▶ About this task:
Every record below should be transcribed exactly. Omit the images.

▶ Stored items:

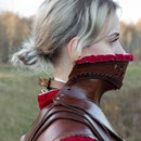 Secure the Noble Gorget by sliding it over the head and sitting it comfortably over the shoulders. Made of thick, hardened top-grain leather, this armour piece is built to withstand the abuse of a LARP or reenactment with regular leather care.
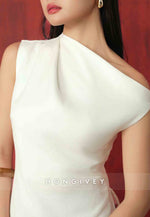 One Shoulder Simple Floor-Length Sleeveless Lace Pleated Evening Gowns
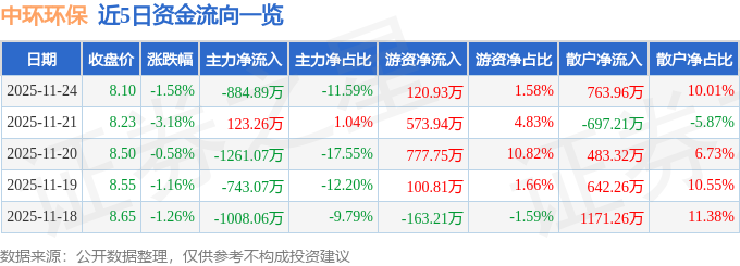 证券之星消息,截至2025年11月24日收盘,中环环保(300692)报收于8.1元,下跌1.58%,换手率2.27%,成交量9.35万手,成交额7633.47万元。
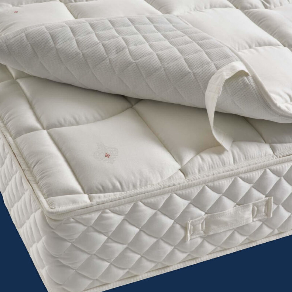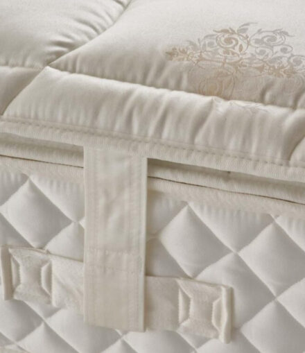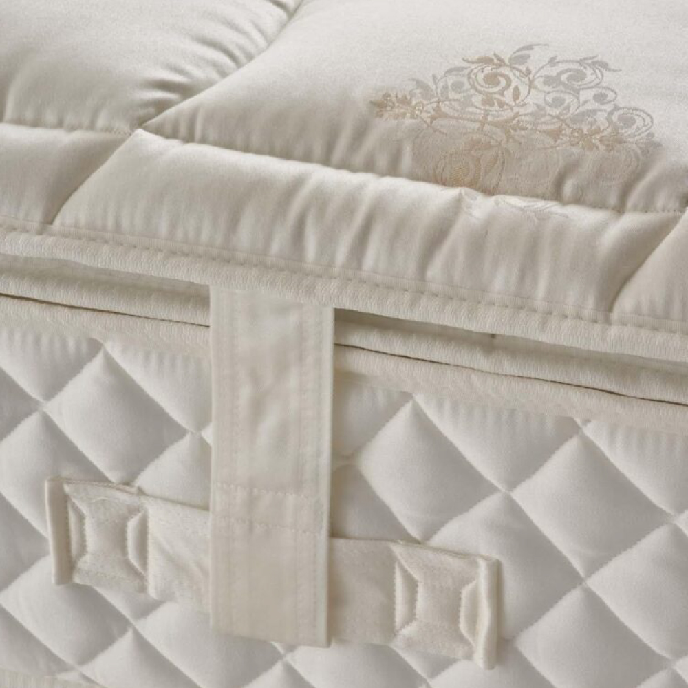 Topper Sganciabile trapuntato in tessuto coordinato al materasso con imbottitura a scelta tra 2 cm di memory foam,completo di 8 fettucce per ancoraggio alle maniglie del materasso con un comodo velcro.
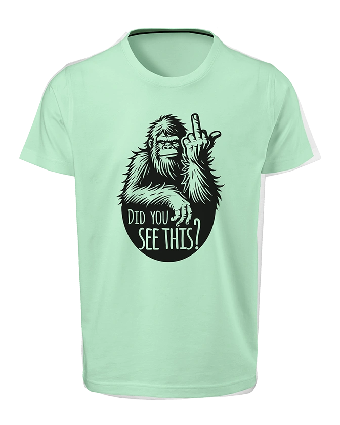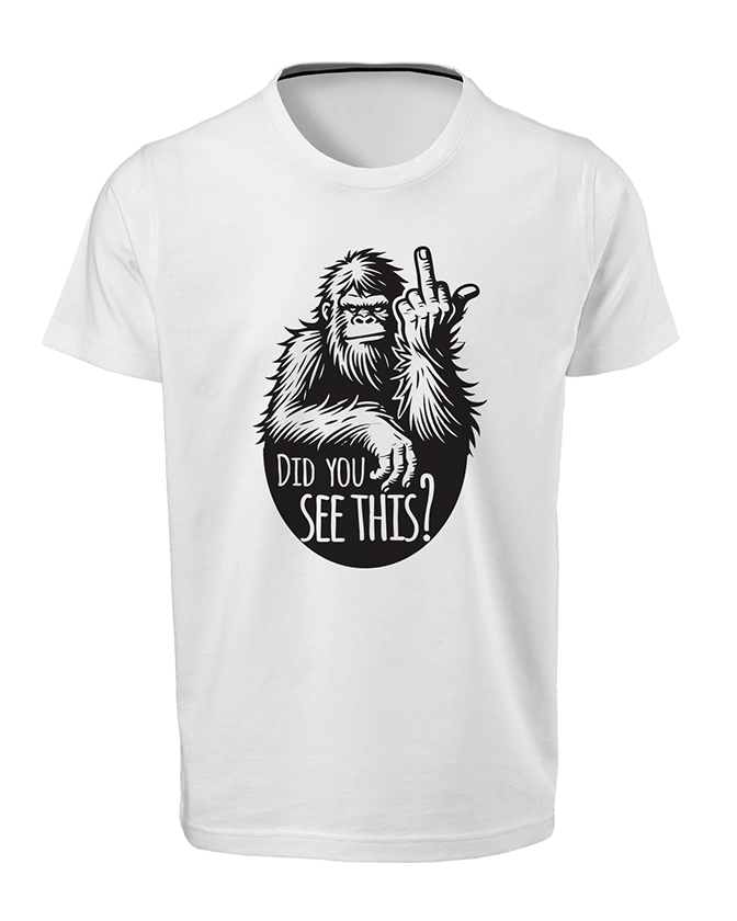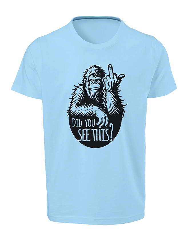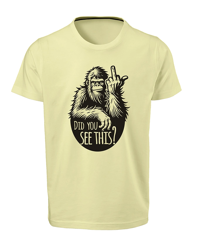 Spot the sassy Sasquatch flipping the bird in our “Did You See This?” design! This design packs a punch of humorous irreverence with a cheeky Bigfoot design—ideal for rebels, or anyone who loves a bold laugh. Soft, comfy, and conversation-starting!

▶ Answer to the exercise:
 Secure the Noble Gorget by sliding it over the head and sitting it comfortably over the shoulders. Made of thick, hardened top-grain leather, this armour piece is built to withstand the abuse of a LARP or reenactment with regular leather care.
 One Shoulder Simple Floor-Length Sleeveless Lace Pleated Evening Gowns
 证券之星消息,截至2025年11月24日收盘,中环环保(300692)报收于8.1元,下跌1.58%,换手率2.27%,成交量9.35万手,成交额7633.47万元。
 Topper Sganciabile trapuntato in tessuto coordinato al materasso con imbottitura a scelta tra 2 cm di memory foam,completo di 8 fettucce per ancoraggio alle maniglie del materasso con un comodo velcro.
 Spot the sassy Sasquatch flipping the bird in our “Did You See This?” design! This design packs a punch of humorous irreverence with a cheeky Bigfoot design—ideal for rebels, or anyone who loves a bold laugh. Soft, comfy, and conversation-starting!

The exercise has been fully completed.